Open pyeloplasty has been the standard treatment for congenital or acquired ureteropelvic junction (UPJ) obstruction in adults and children, with overall success rates of 90% to 100% [1,2,3]. Open pyeloplasty has a high success rate done through either a flank, dorsal lumbotomy, or anterior muscle splitting incision. Proponents of open pyeloplasty have shown that this procedure can be done without placement of an indwelling ureteral stent and along with simple percutaneous drainage by either a nephrostomy tube or a single Penrose drain [1,2].

Although endopyelotomy [4] and retrograde dilation [5] are alternative approaches in children [6], the success of these 2 procedures is inferior to that reported for conventional dismembered pyeloplasty [7]. In the initial reports, the operative time ranged from 3 to 7 hours, but the procedure has gradually gained in popularity and acceptance, with a reported success rate of over 95% [8,9,10].

Diagnosis

Approximately 1% of prenatal ultrasounds detect hydronephrosis in the fetus.

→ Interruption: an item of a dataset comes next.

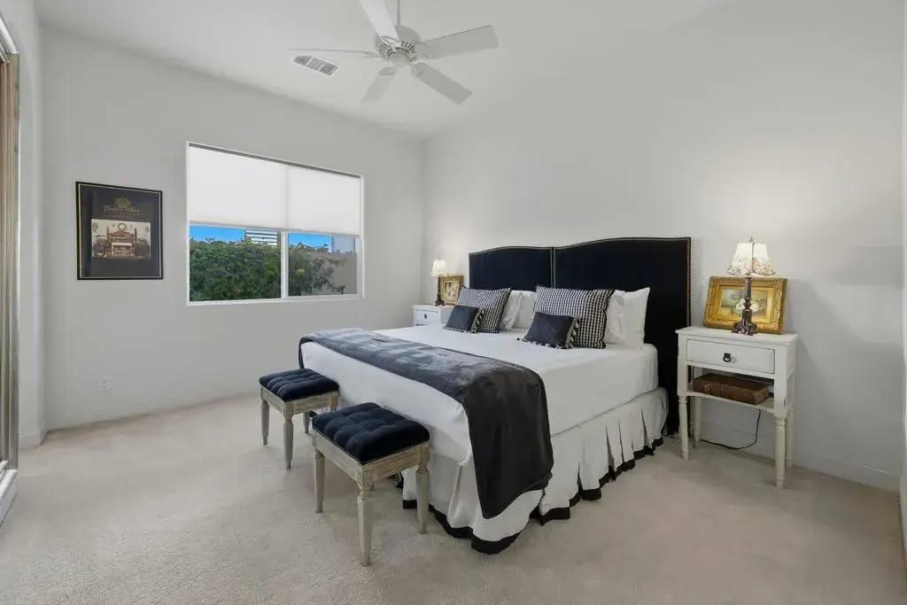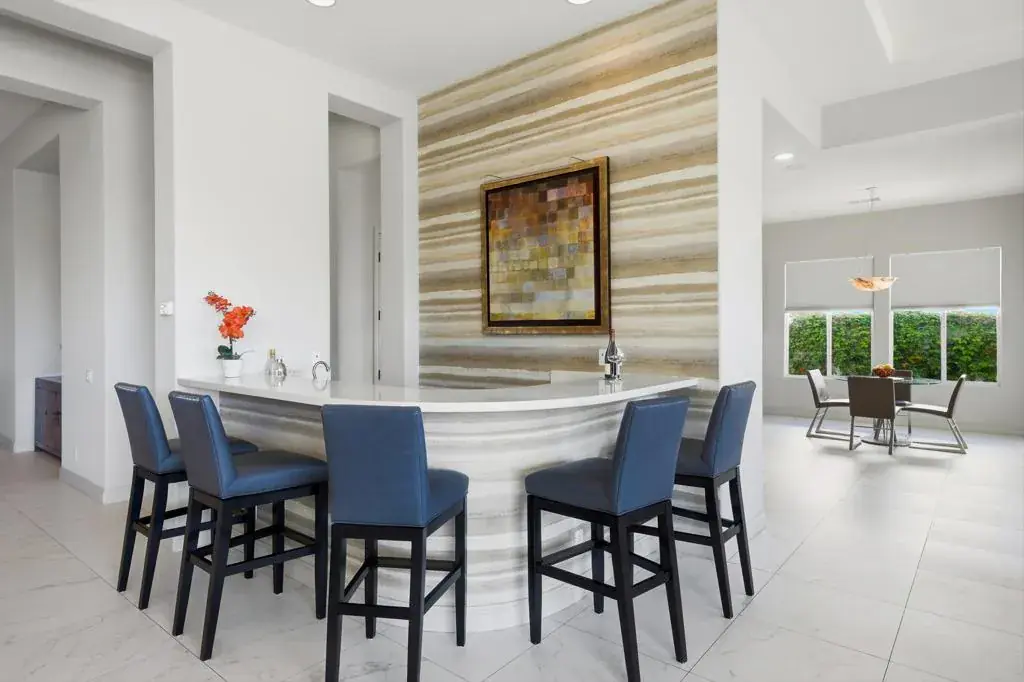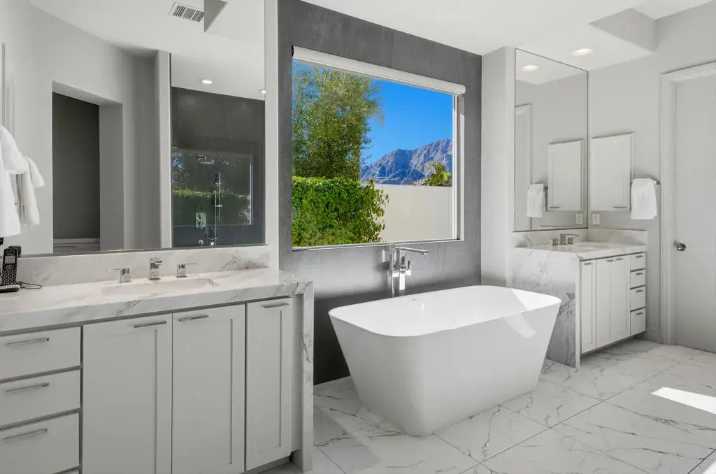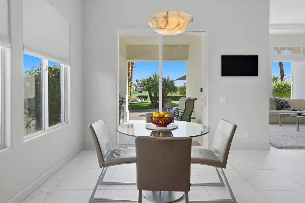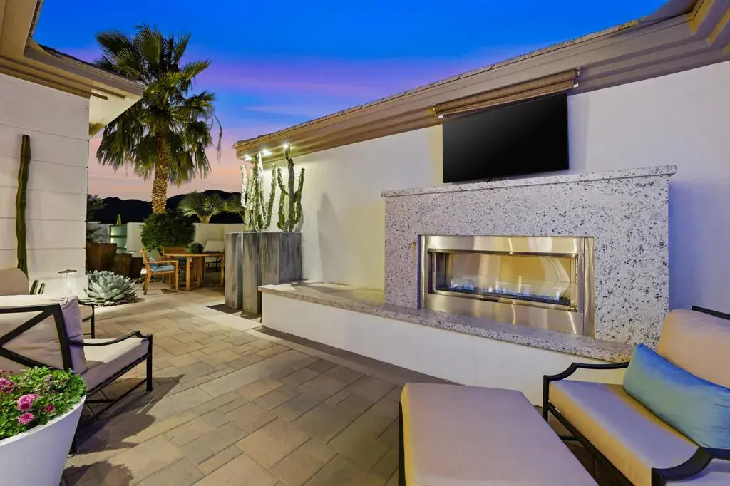 OPEN HOUSE. 3/8 FROM 11-2. AMAZING VIEWS & REMODELED. Welcome to an elegant desert sanctuary offering refined living, exceptional privacy, and breathtaking views. This beautifully reimagined residence includes a bonus room ideal as a den, executive office, or easily made into a 4th bedroom and is thoughtfully designed for both sophistication and comfort.The remodeled living space showcases clean lines and elevated finishes, creating a seamless blend of style and functionality. At the heart of the home, the chef’s kitchen has been expertly renovated with Wolf appliances, custom details, and an open-concept design that flows effortlessly into the main living areas–perfect for elevated entertaining.Retreat to the spa-inspired bathroom, where luxurious finishes create a calming, resort-like experience. Positioned on an expansive 13,000 sq ft lot, the property captures stunning mountain and lake views overlooking the 13th hole, offering a dramatic yet serene backdrop to daily living.Truly indoor/outdoor living – just open the expansive door and enjoy the amazing views. The outdoor living is exceptional. The expanded covered patio serves as a sophisticated entertaining space and transforms into an unforgettable outdoor movie-night retreat. The expansive backyard is ideal for hosting gatherings, while the private front courtyard provides an intimate setting for quiet evenings and morning coffee.Additional highlights include a separate golf cart garage and Tesla charger, enhancing both convenience and lifestyle appeal – plus 3 Air Conditioners and washer/dryer replaced in 2025. Peaceful, private, and impeccably appointed, this home embodies luxury desert living at its finest–perfect for refined entertaining and relaxed enjoyment with family and friends.
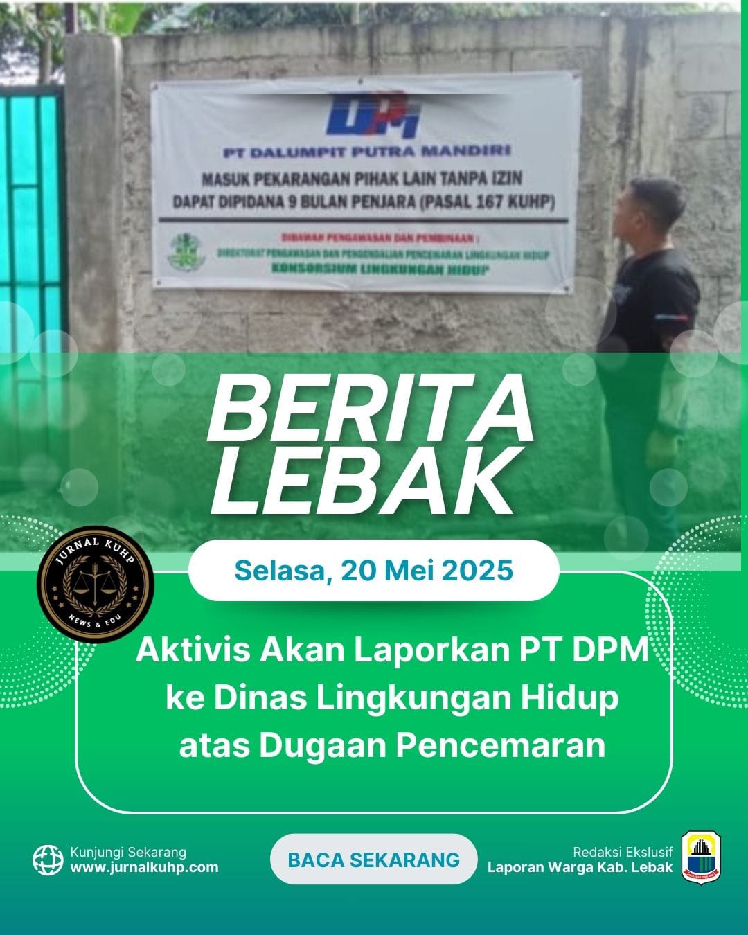 “Kami mendorong DLH Kabupaten Lebak dan DLH Provinsi Banten untuk segera melakukan inspeksi mendadak ke lokasi pengolahan tersebut,” tegasnya.

In 50% of these cases, UPJ obstruction is the etiology, being more common in males, affecting the left kidney more often than the right, and with 10–30% of cases occurring in both kidneys (bilaterally) [11]. Neonates suspected to have this condition are evaluated for the obstruction using renal ultrasound and diuretic renography. Magnetic resonance urography has become part of the armamentarium as well. Debate continues as to whether or not a voiding cystourethrogram (VCUG) might be utilized to rule out vesicoureteral reflux as a cause of the hydronephrosis or as a concomitant finding. Symptoms of UPJ obstruction are typically seen in older children but can be seen in infants and include any combination of back or flank pain, hematuria, failure to thrive, flank mass, or pyelonephritis.

Indications

The indications for laparoscopic pyeloplasty are similar to those for an open pyeloplasty, such as increasing hydronephrosis, progressive deterioration of renal function, recurrent urinary tract infection (UTI), and persistent pain. Refinement of instrumentation and experience with intracorporeal suturing allows reconstructive laparoscopy to be implemented in the pediatric population (Figure 1 and Figure 2), and multiple techniques have already been described in the literature [12]. One of the earliest descriptions of the transperitoneal Anderson-Hynes laparoscopic pyeloplasty in pediatric patients by Tan et al. [13] recommended that it should not be performed in children less than 6 months of age. The advent of improved 3 mm instrumentation and laparoscopic telescopes has allowed better suture manipulation and visualization making it feasible even in infants less than 6 months old [14]. The key point to performing a laparoscopic pyeloplasty in the infant is based on the geometry of the patient's body in relation to trocar placement. A triangle is formed with the umbilicus as the apex and the remaining points being lateral to the ipsilateral rectus muscle subcostally and at the level of the anterior superior iliac spine.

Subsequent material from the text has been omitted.